Work required - Include no pictures. Output exactly the lines from the one that contains "Here’s what the" through the final line of the entries.

Input records Block Start

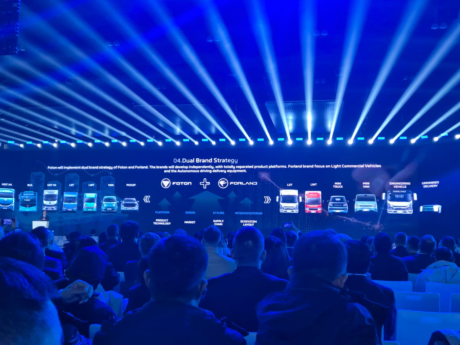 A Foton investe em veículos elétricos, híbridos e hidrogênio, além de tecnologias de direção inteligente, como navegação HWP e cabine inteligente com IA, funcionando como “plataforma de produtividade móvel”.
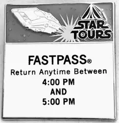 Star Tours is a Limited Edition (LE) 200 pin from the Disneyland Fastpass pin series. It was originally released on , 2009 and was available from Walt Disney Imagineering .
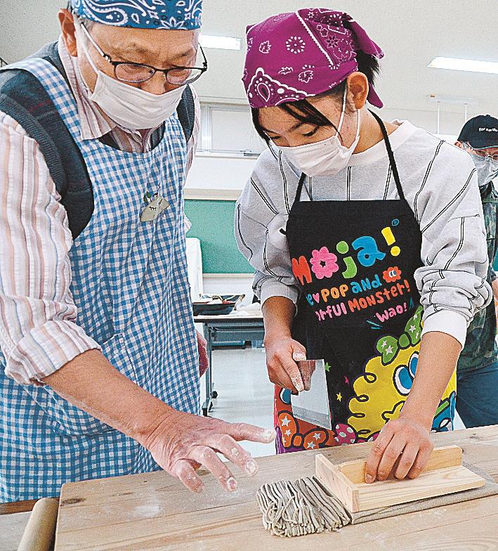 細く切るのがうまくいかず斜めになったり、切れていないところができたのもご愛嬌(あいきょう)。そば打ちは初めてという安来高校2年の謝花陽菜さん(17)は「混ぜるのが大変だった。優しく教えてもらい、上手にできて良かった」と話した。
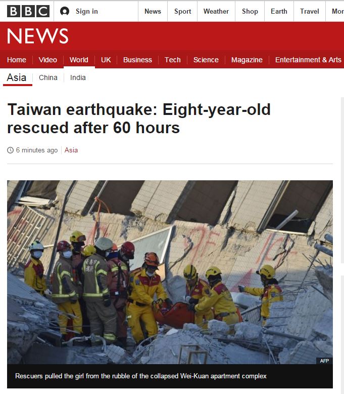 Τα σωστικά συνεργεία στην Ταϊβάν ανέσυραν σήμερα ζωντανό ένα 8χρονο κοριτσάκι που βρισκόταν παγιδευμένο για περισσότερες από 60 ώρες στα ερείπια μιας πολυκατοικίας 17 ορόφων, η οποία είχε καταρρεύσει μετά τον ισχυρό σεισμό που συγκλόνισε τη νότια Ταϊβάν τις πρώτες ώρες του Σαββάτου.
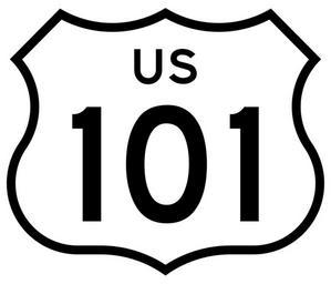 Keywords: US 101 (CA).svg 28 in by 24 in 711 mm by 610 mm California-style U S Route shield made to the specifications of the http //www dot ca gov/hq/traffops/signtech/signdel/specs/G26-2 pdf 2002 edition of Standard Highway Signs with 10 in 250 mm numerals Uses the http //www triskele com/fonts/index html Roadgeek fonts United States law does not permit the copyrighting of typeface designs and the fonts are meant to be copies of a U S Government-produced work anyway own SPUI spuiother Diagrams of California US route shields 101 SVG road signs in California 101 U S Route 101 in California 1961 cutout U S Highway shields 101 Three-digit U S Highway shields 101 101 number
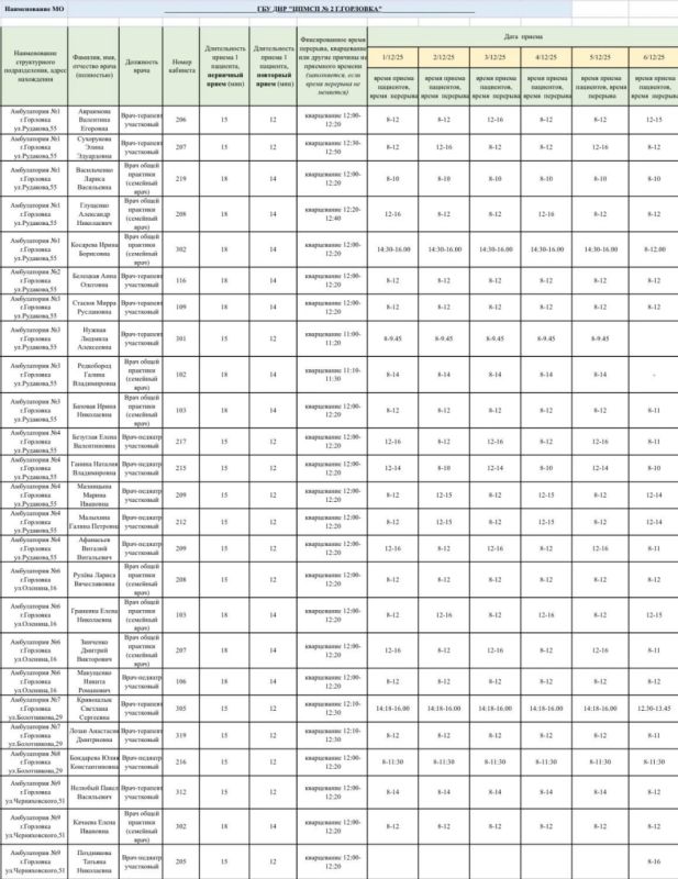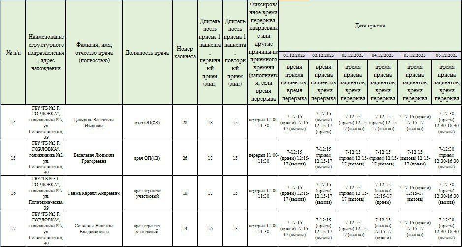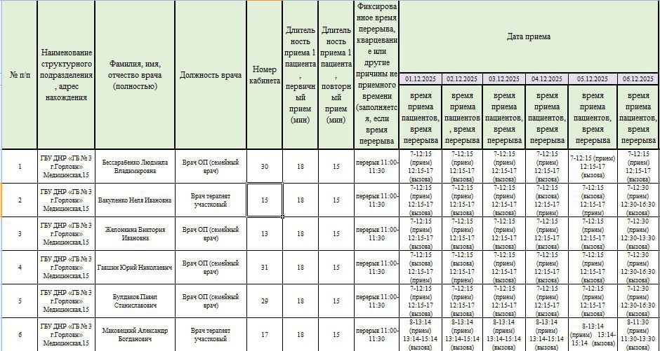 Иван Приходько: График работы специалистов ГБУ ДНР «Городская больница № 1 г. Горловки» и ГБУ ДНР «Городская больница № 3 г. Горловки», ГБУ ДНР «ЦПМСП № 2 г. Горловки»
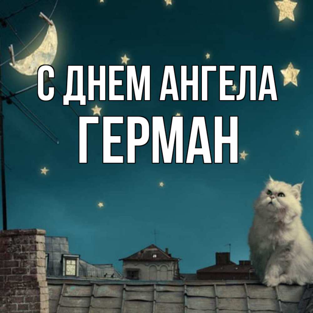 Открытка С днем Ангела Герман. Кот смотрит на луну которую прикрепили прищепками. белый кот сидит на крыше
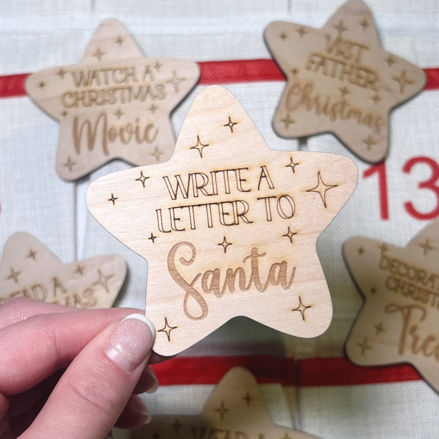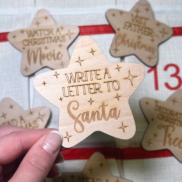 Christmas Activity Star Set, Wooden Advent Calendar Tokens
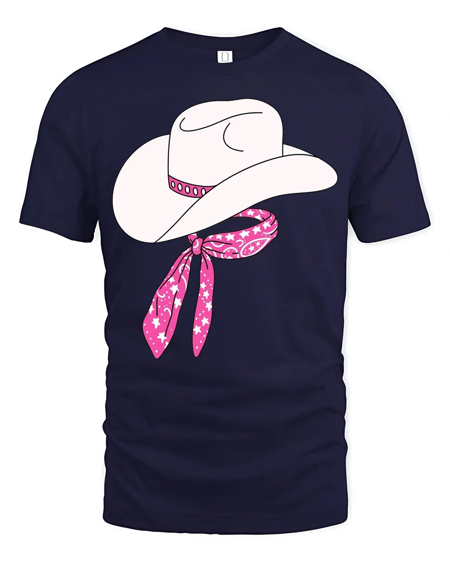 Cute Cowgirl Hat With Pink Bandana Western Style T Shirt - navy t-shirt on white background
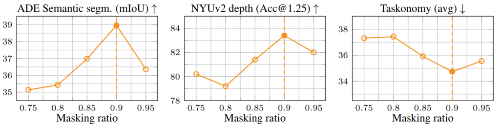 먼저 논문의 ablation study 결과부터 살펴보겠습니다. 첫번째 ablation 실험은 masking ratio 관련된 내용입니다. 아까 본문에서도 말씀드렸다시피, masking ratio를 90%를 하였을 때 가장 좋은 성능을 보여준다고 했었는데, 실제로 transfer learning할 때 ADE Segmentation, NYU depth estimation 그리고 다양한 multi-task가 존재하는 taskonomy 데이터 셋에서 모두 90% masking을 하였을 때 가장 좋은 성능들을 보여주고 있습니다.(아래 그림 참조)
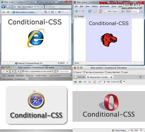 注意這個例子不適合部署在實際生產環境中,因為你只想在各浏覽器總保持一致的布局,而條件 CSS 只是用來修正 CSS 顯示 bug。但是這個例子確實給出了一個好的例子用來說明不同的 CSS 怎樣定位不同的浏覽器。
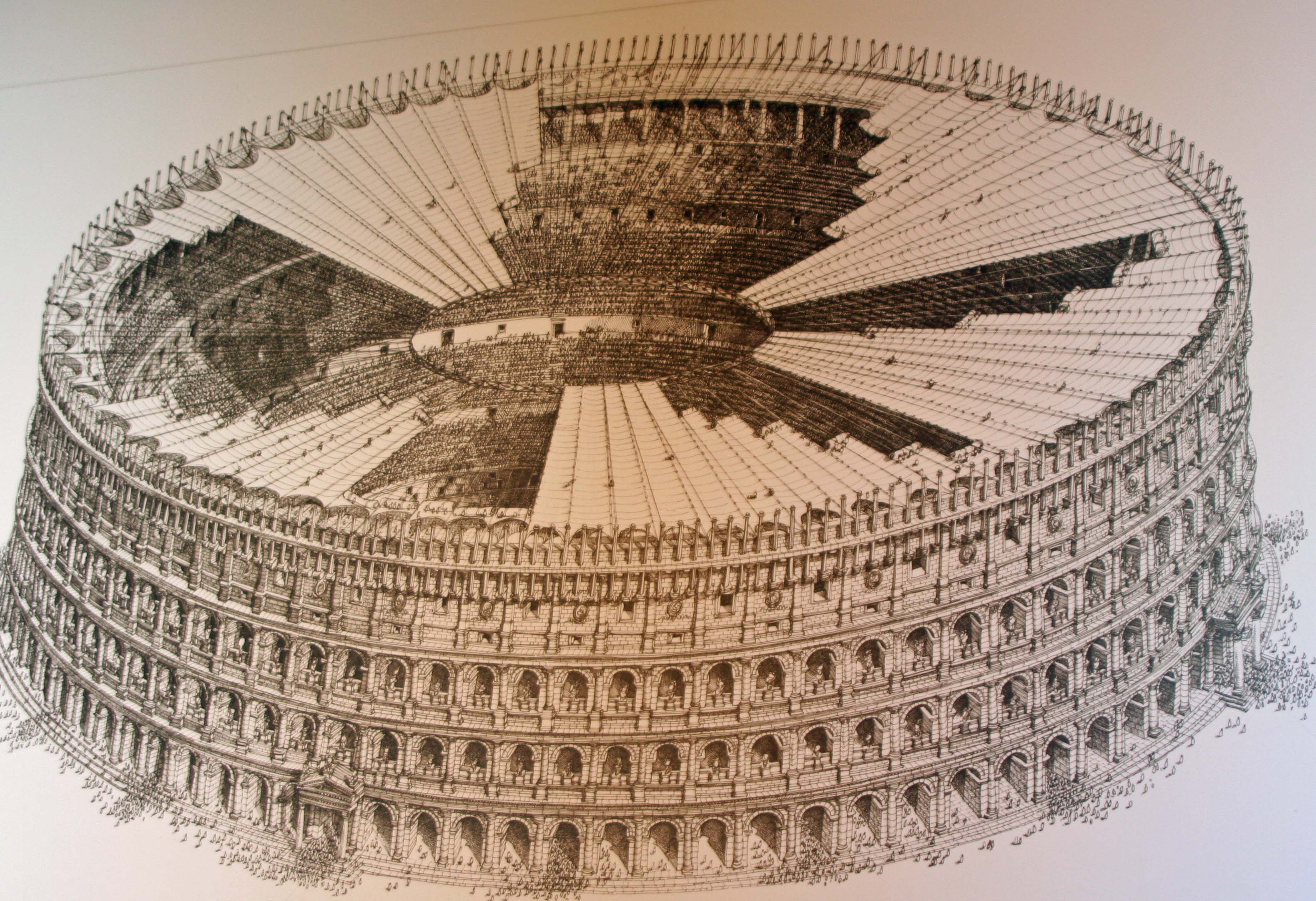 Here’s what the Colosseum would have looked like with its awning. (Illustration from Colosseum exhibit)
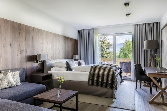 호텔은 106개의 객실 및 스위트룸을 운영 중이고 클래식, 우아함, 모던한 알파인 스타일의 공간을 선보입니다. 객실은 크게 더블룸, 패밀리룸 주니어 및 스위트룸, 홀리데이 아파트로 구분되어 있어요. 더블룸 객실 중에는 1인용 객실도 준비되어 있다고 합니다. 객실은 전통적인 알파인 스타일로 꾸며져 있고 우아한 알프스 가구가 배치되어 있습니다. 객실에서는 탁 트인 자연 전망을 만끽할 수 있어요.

Input records Block End

Written solution -
 Here’s what the Colosseum would have looked like with its awning. (Illustration from Colosseum exhibit)
 호텔은 106개의 객실 및 스위트룸을 운영 중이고 클래식, 우아함, 모던한 알파인 스타일의 공간을 선보입니다. 객실은 크게 더블룸, 패밀리룸 주니어 및 스위트룸, 홀리데이 아파트로 구분되어 있어요. 더블룸 객실 중에는 1인용 객실도 준비되어 있다고 합니다. 객실은 전통적인 알파인 스타일로 꾸며져 있고 우아한 알프스 가구가 배치되어 있습니다. 객실에서는 탁 트인 자연 전망을 만끽할 수 있어요.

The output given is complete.